# Ortho to Phase out Neonicotinoids in Consumer Products by 2021



## Nabber86 (Apr 15, 2009)

http://phys.org/news/2016-04-ortho-chemicals-linked-bee-declines.html


----------



## Canhona (Jun 11, 2015)

5 years too late IMO.


----------



## JRG13 (May 11, 2012)

Canhona said:


> 5 years too late IMO.


Straight up nonsense.....IMO


----------



## aunt betty (May 4, 2015)

This is nice and all but it means, in layman's terms, that every day Joe Homeowner will not be able to purchase neonics. NICE! 

The farmers and vets are "trained in the use of neonics" and therefore they'll still be using them. (crap) 

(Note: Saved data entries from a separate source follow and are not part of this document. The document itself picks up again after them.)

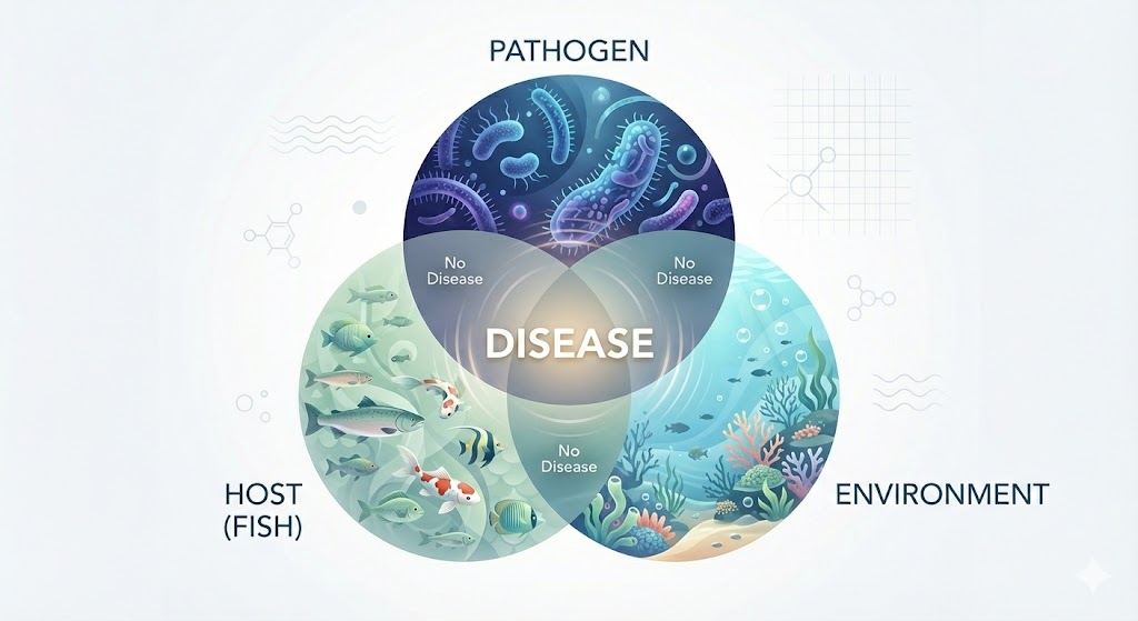 Rather than addressing disease as an isolated event, we focus on the biological processes that shape disease emergence, persistence, and control across aquatic systems.
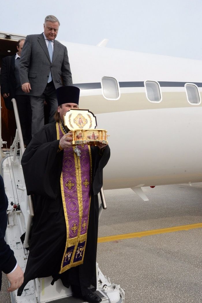 Το ιερό Λείψανο συνόδευσαν από τη Ρωσία στην Ελλάδα, η Ηγουμένη Ευσεβία, ο Πρωθιερεύς Σέργιος, ο Ιερεύς Γρηγόριος, ο Πρόεδρος του Ιδρύματος « Άγιος Ανδρέας» κ. Βλαντιμίρ Γιακούνιν, ο υπεύθυνος του εν Αθήναις Γραφείου του Ιδρύματος κ. Σεργκέι Γκολοβίν και άλλα υψηλόβαθμα στελέχη εκ Ρωσίας.
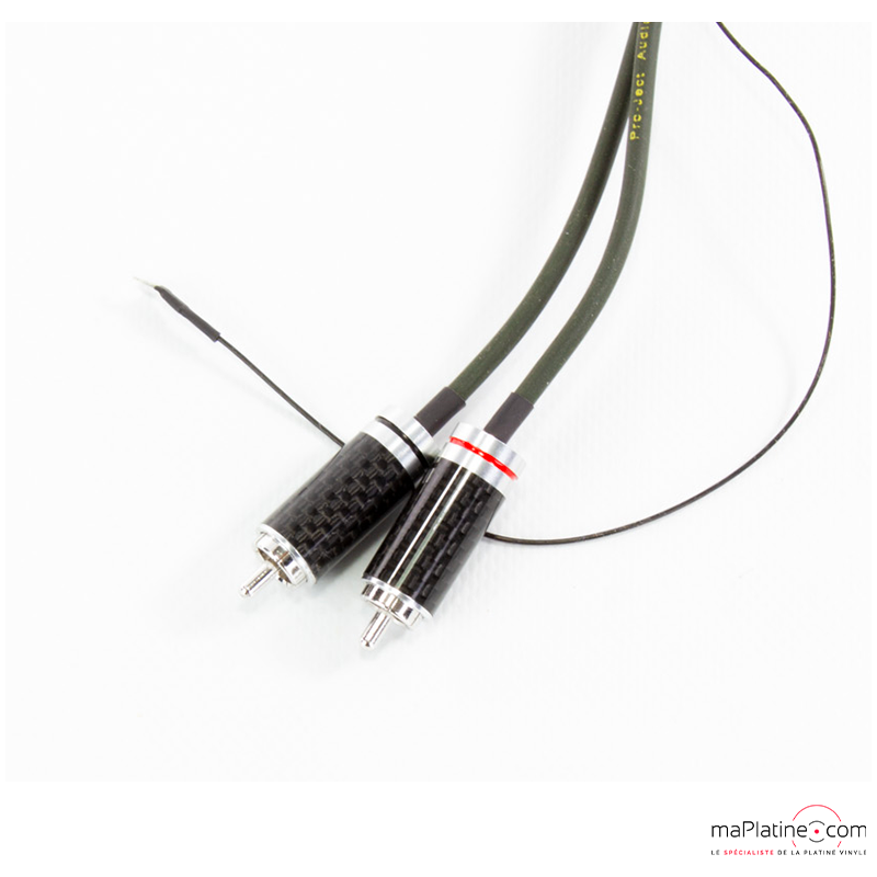 Le blindage est assuré par une hélice en OFC revêtue d'argent pur, avec une sous-jaquette conductrice offrant à la fois une protection optimale et une grande flexibilité du câble. Le Connect It RS Phono RCA est équipé de connecteurs RCA en cuivre plaqué rhodium, recouverts d'un boîtier en carbone non conducteur.
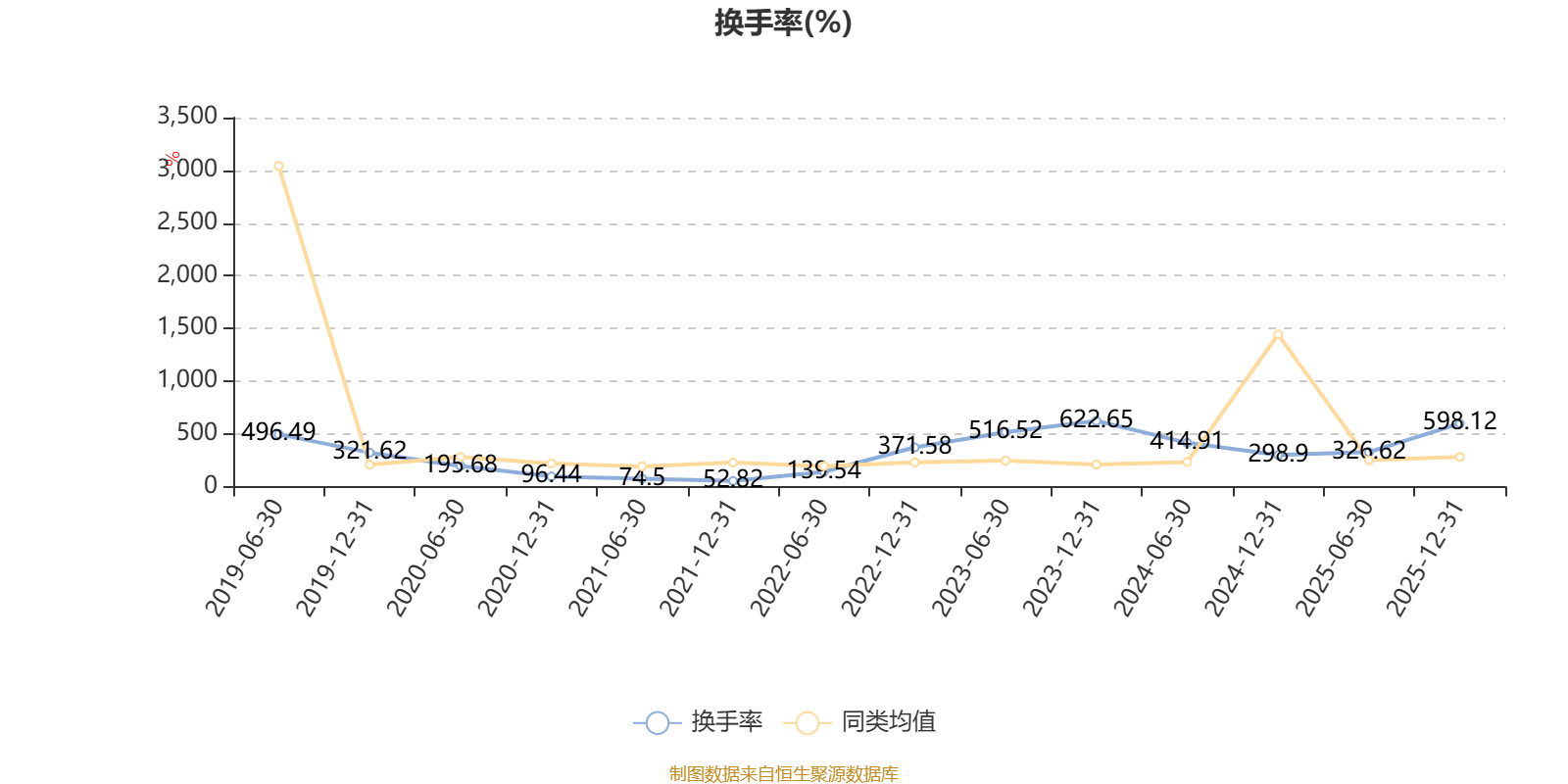 截至2025年12月31日,基金最近一年换手率约927.69%,持续1年高于同类均值。
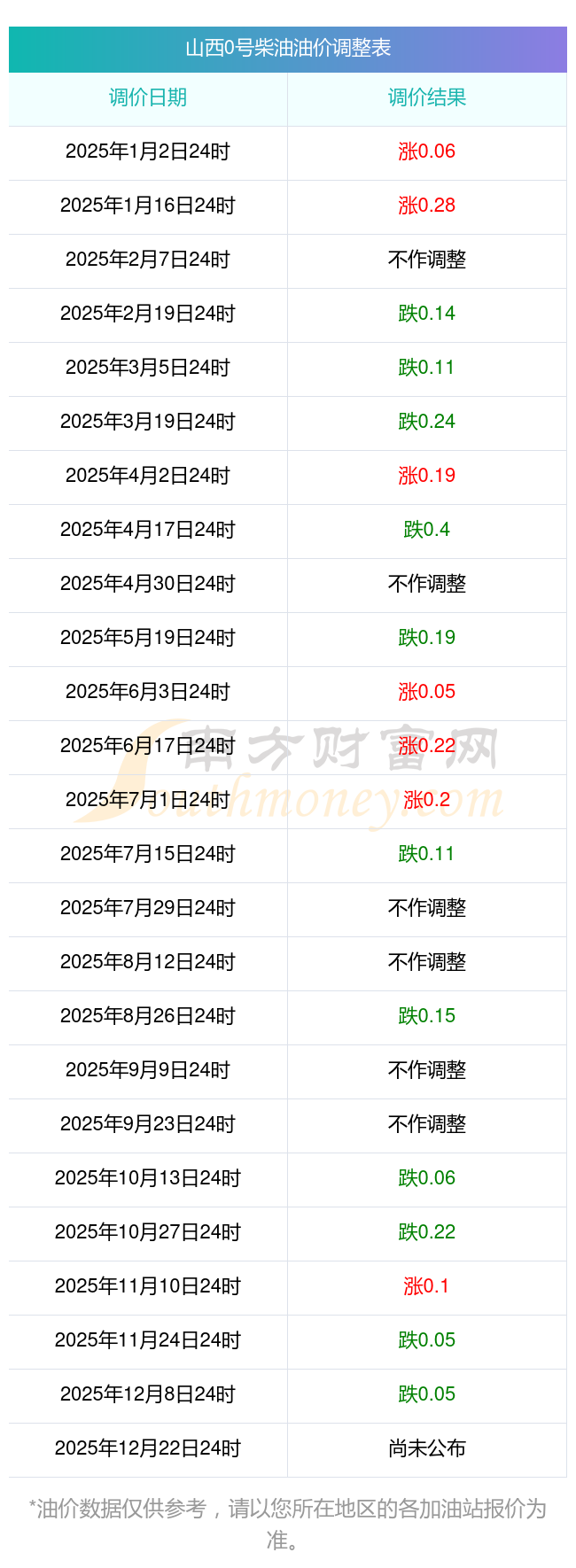 2025年山西汽油價(jià)格調(diào)整一覽表

Neonic seed coatings is what I want banned. Not happenin' though.


----------



## Nabber86 (Apr 15, 2009)

Canhona said:


> 5 years too late IMO.


considering how long neonics have been around, phasing residential use out in 5 years, is a pretty aggressive timetable.


----------



## wildbranch2007 (Dec 3, 2008)

Nabber86 said:


> considering how long neonics have been around, phasing residential use out in 5 years, is a pretty aggressive timetable.


except that they already have the next pesticide waiting in the wings , that little bee research has been done on, besides pests are starting to get resistant to neonics anyway.


----------